EXERCISE INSTRUCTIONS → Only the lines from the first line of the entries through the line with "Sucre de canne" belong in the answer, each restated word for word and without pictures.

PROVIDED ENTRIES →

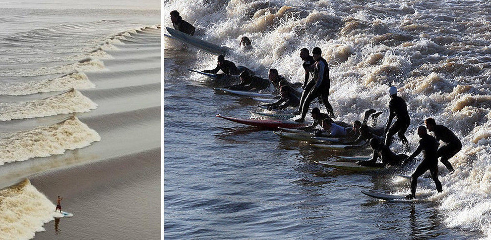 사람들은 이 파도를 타고 강에서 서핑을 즐기기도 합니다.
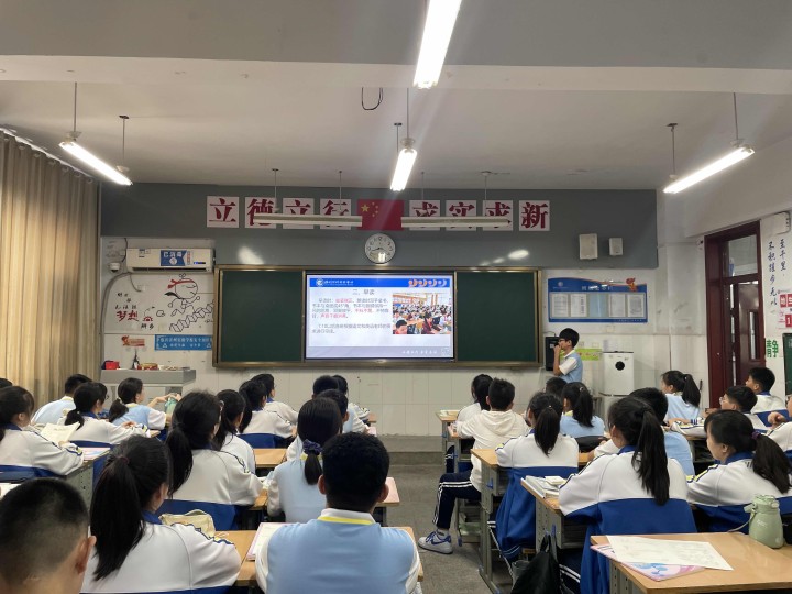 为了加强学生对行为规范的认识,进一步创造良好的育人环境,八年级于开学伊始召开了以“践行一日常规,规范文明行为”的主题班会。本次主题班会由惠民老师主讲,八年级全体班主任和学生共同参加。
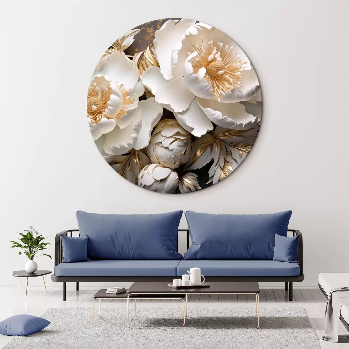 Ronde schilderijen Witte en gele pioenrozen met bladeren, ingewikkelde details, decoratieve kunst, donkere achtergrond Nr r43399
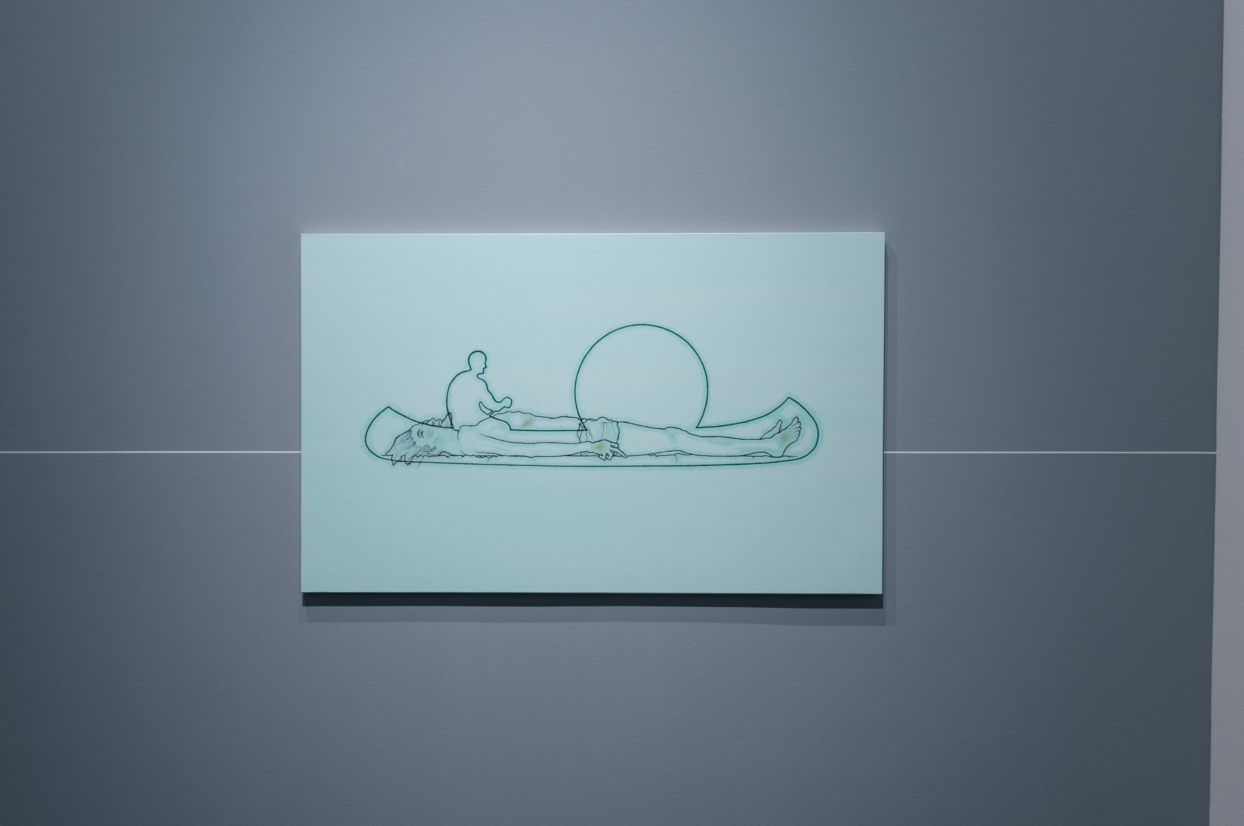 What we see in Canosa’s painting is the body of Christ in the bottom of a canoe being paddled either under a full Moon or a setting Sun. Perhaps the paddler is Charon delivering the body to Hades, or Canosa simply likes the horizontality of both the body and the canoe. In any event, there is a merging of art history with the contemporary which is a clear theme in Canosa’s work.
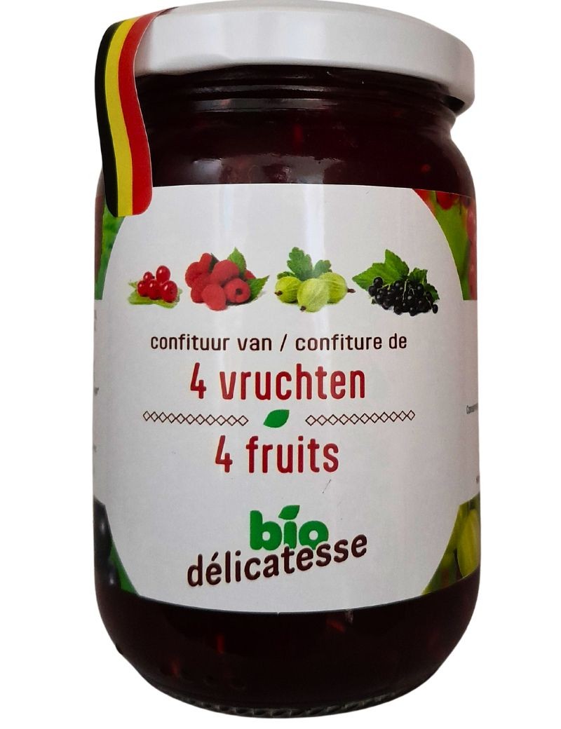 Sucre de canne fair trade 49%, framboises* 25%, cassis* 8.3%, groseilles à maquereaux* 8.3%, groseilles rouges* 8.3%, correcteur d'acidité: jus de citron*, gélifiant: agar agar*
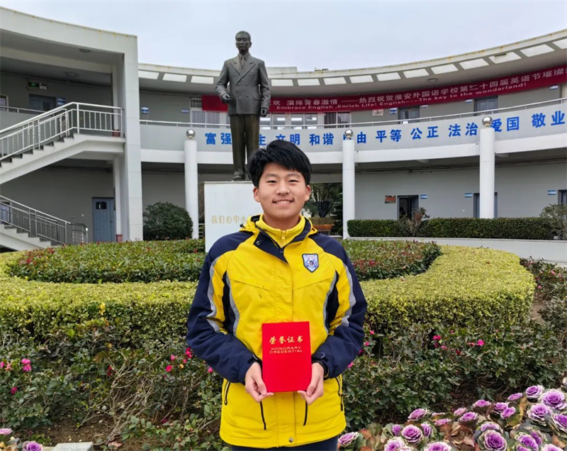 2023年12月5日下午,淮安市教育局、淮安市语委等八部门开展的2023年“书香新时代,‘典’亮新征程”中华经典诵读大赛结果公布,淮安外国语学校初三(11)班唐瑞岐(原初二(6)班)诵读的作品《蜀道难》荣获特等奖(指导老师:张诚),初三(2)班吕浏奕(原初二(2)班)诵读的作品《春江花月夜》荣获三等奖(指导老师:张诚),初三(4)班董采薇(原初二(9)班)诵读的作品《周总理,你在哪里?》荣获三等奖(指导老师:赵文静)。张诚、赵文静老师荣获市优秀指导老师奖。

THE COMPLETED TASK →
 사람들은 이 파도를 타고 강에서 서핑을 즐기기도 합니다.
 为了加强学生对行为规范的认识,进一步创造良好的育人环境,八年级于开学伊始召开了以“践行一日常规,规范文明行为”的主题班会。本次主题班会由惠民老师主讲,八年级全体班主任和学生共同参加。
 Ronde schilderijen Witte en gele pioenrozen met bladeren, ingewikkelde details, decoratieve kunst, donkere achtergrond Nr r43399
 What we see in Canosa’s painting is the body of Christ in the bottom of a canoe being paddled either under a full Moon or a setting Sun. Perhaps the paddler is Charon delivering the body to Hades, or Canosa simply likes the horizontality of both the body and the canoe. In any event, there is a merging of art history with the contemporary which is a clear theme in Canosa’s work.
 Sucre de canne fair trade 49%, framboises* 25%, cassis* 8.3%, groseilles à maquereaux* 8.3%, groseilles rouges* 8.3%, correcteur d'acidité: jus de citron*, gélifiant: agar agar*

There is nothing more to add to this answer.